══ MATERIAL SUPPLIED ══
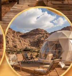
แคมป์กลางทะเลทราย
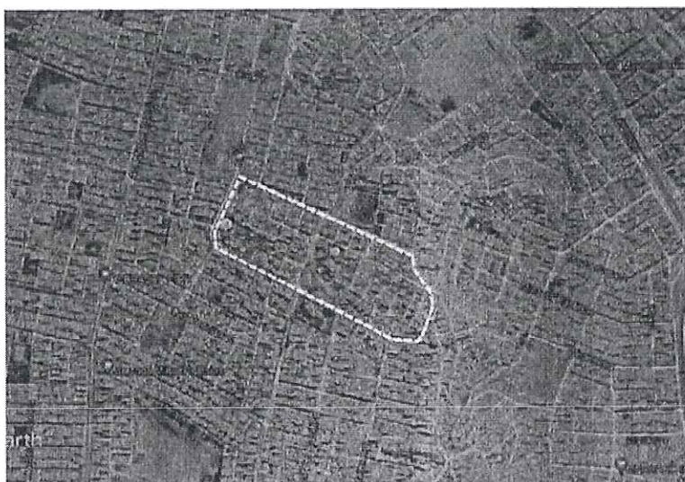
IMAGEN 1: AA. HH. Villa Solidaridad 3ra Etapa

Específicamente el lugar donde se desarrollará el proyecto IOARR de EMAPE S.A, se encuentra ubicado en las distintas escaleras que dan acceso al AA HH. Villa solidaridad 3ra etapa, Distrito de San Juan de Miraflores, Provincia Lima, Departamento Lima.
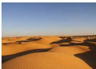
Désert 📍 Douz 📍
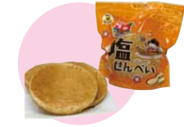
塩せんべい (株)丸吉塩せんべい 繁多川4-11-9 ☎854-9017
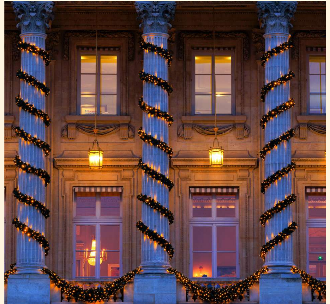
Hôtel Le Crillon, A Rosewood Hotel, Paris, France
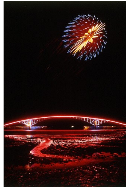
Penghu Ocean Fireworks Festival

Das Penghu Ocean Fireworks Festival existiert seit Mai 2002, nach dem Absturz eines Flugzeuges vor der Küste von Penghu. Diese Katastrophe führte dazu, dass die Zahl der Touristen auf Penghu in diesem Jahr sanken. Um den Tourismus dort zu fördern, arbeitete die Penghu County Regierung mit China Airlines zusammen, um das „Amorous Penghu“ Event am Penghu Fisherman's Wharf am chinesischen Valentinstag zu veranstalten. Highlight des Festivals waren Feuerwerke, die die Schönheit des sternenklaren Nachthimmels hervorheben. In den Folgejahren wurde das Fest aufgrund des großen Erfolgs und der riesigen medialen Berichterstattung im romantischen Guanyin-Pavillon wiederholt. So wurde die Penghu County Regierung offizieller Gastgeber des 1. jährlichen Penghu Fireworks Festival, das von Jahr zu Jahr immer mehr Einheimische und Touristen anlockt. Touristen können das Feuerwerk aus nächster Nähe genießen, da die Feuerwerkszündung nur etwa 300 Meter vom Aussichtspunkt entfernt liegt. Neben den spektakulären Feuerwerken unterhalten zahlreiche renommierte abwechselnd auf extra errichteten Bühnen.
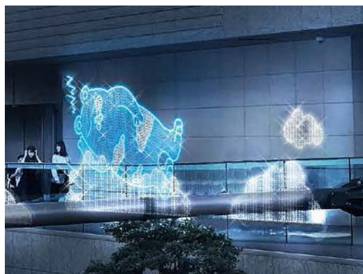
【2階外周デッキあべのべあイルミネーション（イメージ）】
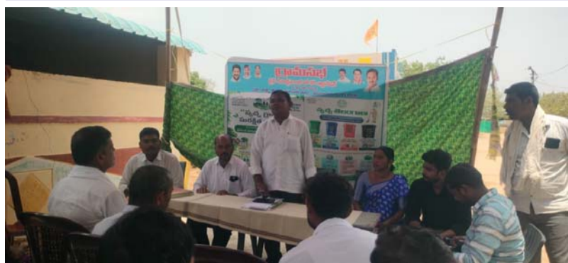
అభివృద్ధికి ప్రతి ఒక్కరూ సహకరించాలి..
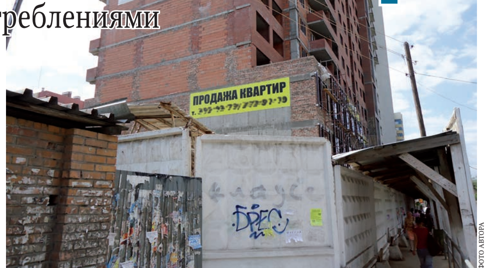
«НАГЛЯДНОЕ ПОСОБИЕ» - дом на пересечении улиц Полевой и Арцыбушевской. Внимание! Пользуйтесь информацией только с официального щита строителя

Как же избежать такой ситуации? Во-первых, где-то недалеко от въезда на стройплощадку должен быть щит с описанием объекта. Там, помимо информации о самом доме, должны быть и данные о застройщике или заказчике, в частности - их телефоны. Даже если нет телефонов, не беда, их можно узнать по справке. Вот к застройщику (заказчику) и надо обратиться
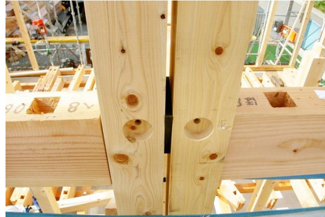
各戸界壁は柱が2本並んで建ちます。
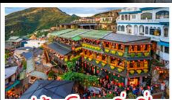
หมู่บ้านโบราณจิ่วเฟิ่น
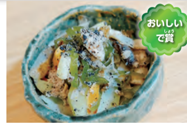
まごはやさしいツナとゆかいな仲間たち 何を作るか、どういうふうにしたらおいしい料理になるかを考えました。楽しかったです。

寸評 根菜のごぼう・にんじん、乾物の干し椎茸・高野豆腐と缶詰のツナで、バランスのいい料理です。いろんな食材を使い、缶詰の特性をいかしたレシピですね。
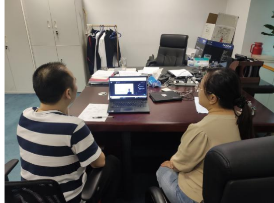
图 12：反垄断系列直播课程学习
═══
*TRY IT*
Return every line from the entries above that contains the word "Villa".

*RESULT FOR THIS EXERCISE*
IMAGEN 1: AA. HH. Villa Solidaridad 3ra Etapa
Específicamente el lugar donde se desarrollará el proyecto IOARR de EMAPE S.A, se encuentra ubicado en las distintas escaleras que dan acceso al AA HH. Villa solidaridad 3ra etapa, Distrito de San Juan de Miraflores, Provincia Lima, Departamento Lima.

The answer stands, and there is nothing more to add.